A Practical Guide to Testing Object-Oriented Software

Inheritance provides a mechanism for reuse. Inheritance, as a mechanism for code reuse, was probably a significant factor in making object-oriented programming attractive in the 1980s and early 1990s. However, good object-oriented design calls for inheritance to be used in a very disciplined way that is, in accordance with the substitution principle (see Substitution Principle on page 33). Under that discipline, inheritance is a mechanism for interface reuse instead of code reuse.[1] In our discussions in this chapter, we assume inheritance is used only in accordance with the substitution principle. Under that assumption, the set of test cases identified for a class is valid for a subclass of that class. Additional test cases usually apply to a subclass. With careful analysis of the incremental changes that define a subclass in terms of its superclass, testers can sometimes avoid execution testing of some parts of a subclass because the test cases that apply to the parent just exercise the same code that was inherited intact in the subclass.

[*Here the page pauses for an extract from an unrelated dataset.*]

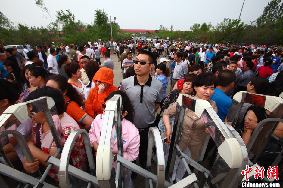 6月7日,吉林省长春市一高考考点,大批家长在门外观望、等待参加高考的孩子。中新社发 张瑶 摄

[1] In our experience, code reuse frequently falls out of interface reuse.

During analysis and design, inheritance relationships between classes can be recognized in the following two general ways:

  • As a specialization of some class that has already been identified

  • As a generalization of one or more classes that have already been identified

Inheritance relationships can be identified at just about any time during an iterative, incremental development effort. In particular, the specialization relationship can be applied even fairly late in an effort without a large impact on most other program components. This flexibility is one of the big advantages to using inheritance and one of the strengths of object-oriented technologies.

It is also a strength of the technology that code for execution-based testing of classes in a hierarchy can be reused. We will show how test plans and test drivers for a derived class can be derived from the tests for its base class.